As an actor you often chase around for auditions and movie roles continually - BUT there is one time when you will always get tons of work...
...when you already have a movie to act in.
This week has been no exception. In the middle of a tight filming schedule for Bangkok Adrenaline I was called in for the Hanuman movie we did an initial casting for about 6 months ago.
Luckily (in this case only) my part in Hanuman was downgraded from the initial promises of 6 weeks work to only 3 days - get used to broken promises when you work as an actor.
They needed me free for 3 days - 2 of which I was already shooting B.A. Fortunately one of those days was a night shoot. So I told them I had a short day that I could work and a normal (12 hour) day to act as well.
So I signed up for a day shoot followed by a night shoot followed by a day shoot. I managed about 2 hours sleep from the time I started to the time I finished. And food that was non-energising and not quality.
Luckily after that I got in a solid 4.5 hours before we started shooting again the next day.

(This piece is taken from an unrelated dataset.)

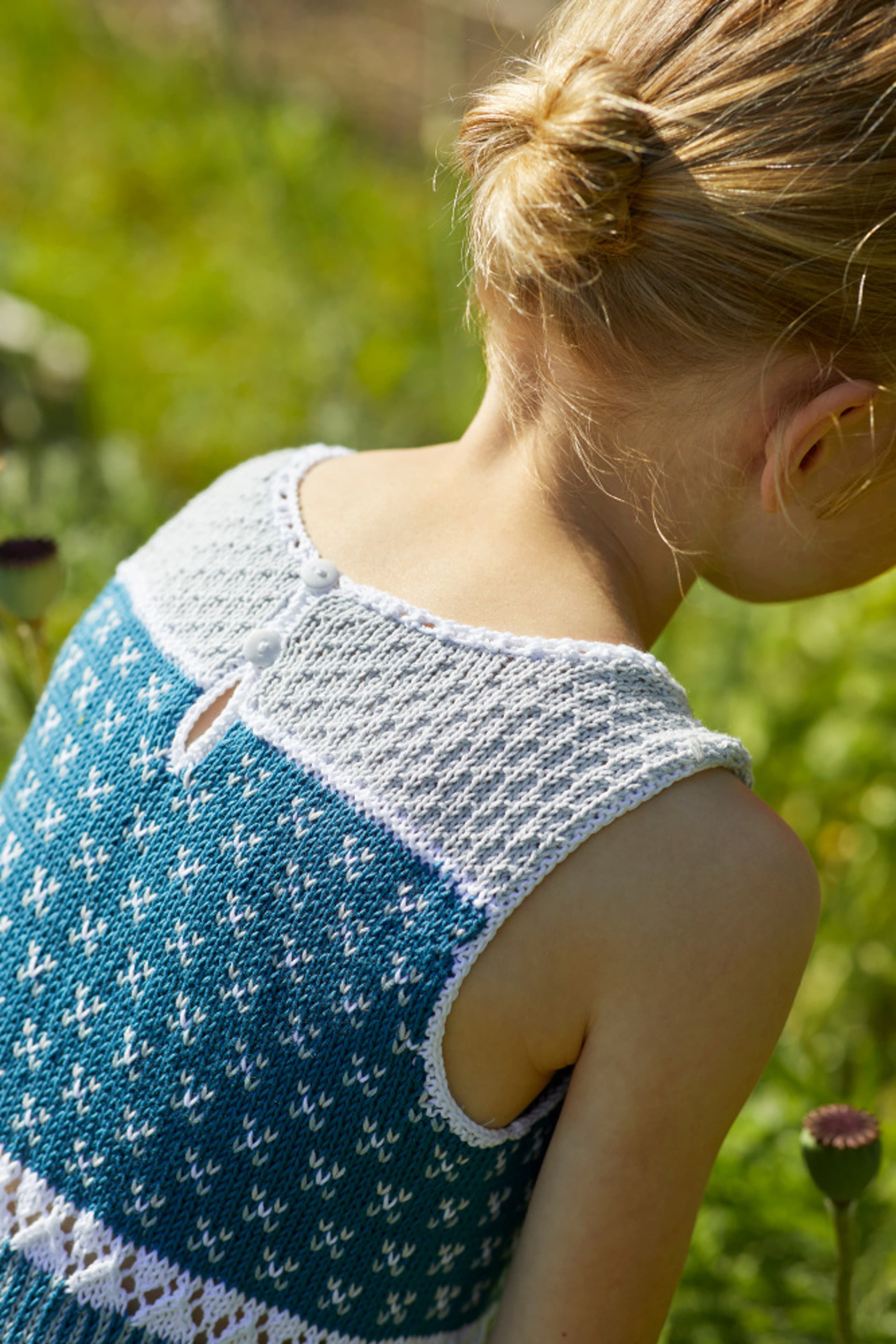 Petrinekjolen har mange vokst opp med og nå kan du strikke den til dine egne barn eller barnebarn! Denne populære oppskriften har blitt en favoritt blant bestemødre, som ofte strikker flere. Den er morsom å strikke og barna elsker den! De nye, friske fargene gir en skikkelig glad-følelse, og kjolen passer til de aller fleste anledninger. Med sitt nostalgiske preg bringer den frem gode sommerminner og barndomsøyeblikk.

Currently, and for the rest of the Bangkok Adrenaline movie filming we are shooting outside BKK and as such are ading 4 hours onto our 12 hour shooting day, plus an hour of stuffing around on set after the shooting day finishes. 12 + 4 + 1 = 17hrs a day....
That leaves 7 hours for sleep. Except I have to eat before I go to sleep and upon awakening. Another 1 hour gone. Plus I have to train at the gym too, 1.5 hours a day. If I don't weight train then I get flat and watery, and small as the glycogen drains from my muscles. So for action movies where my physique is important then it is a certainty that I must go to the gym.
That leaves 4.5 hours for sleep every night. Except my girlfriend wants 1/2 an hour of my time - fair enough. 4 hours sleep a night, it's getting very tiring.
Also add in I moved apartments this week too, in my 'spare time'.
And people wonder why I get annoyed (and annoying) on set when they tried to feed me spicy, stinky pig intestine soup with as much congealed blood as you wanted for the rest of the night and no solid food in sight.
BUT I am only an actor. Between days the Director has to plan the next days filming sequencing, reshedule for unforeseen circumstances and follow up on extras, stuntmen and equipment for next days shooting. Ray Huber, now taken over as Director after the unforeseen departure of Eric, has been averaging 2 hours a night sleep for the last 4 weeks. He said for the first 2 weeks he felt like crap, but now he is over that and is just high on lack of sleep all the time, but functional and feels OK. I reckon on the day we finish it'll only take 2 beers to knock him out and send him into a 48 hour coma.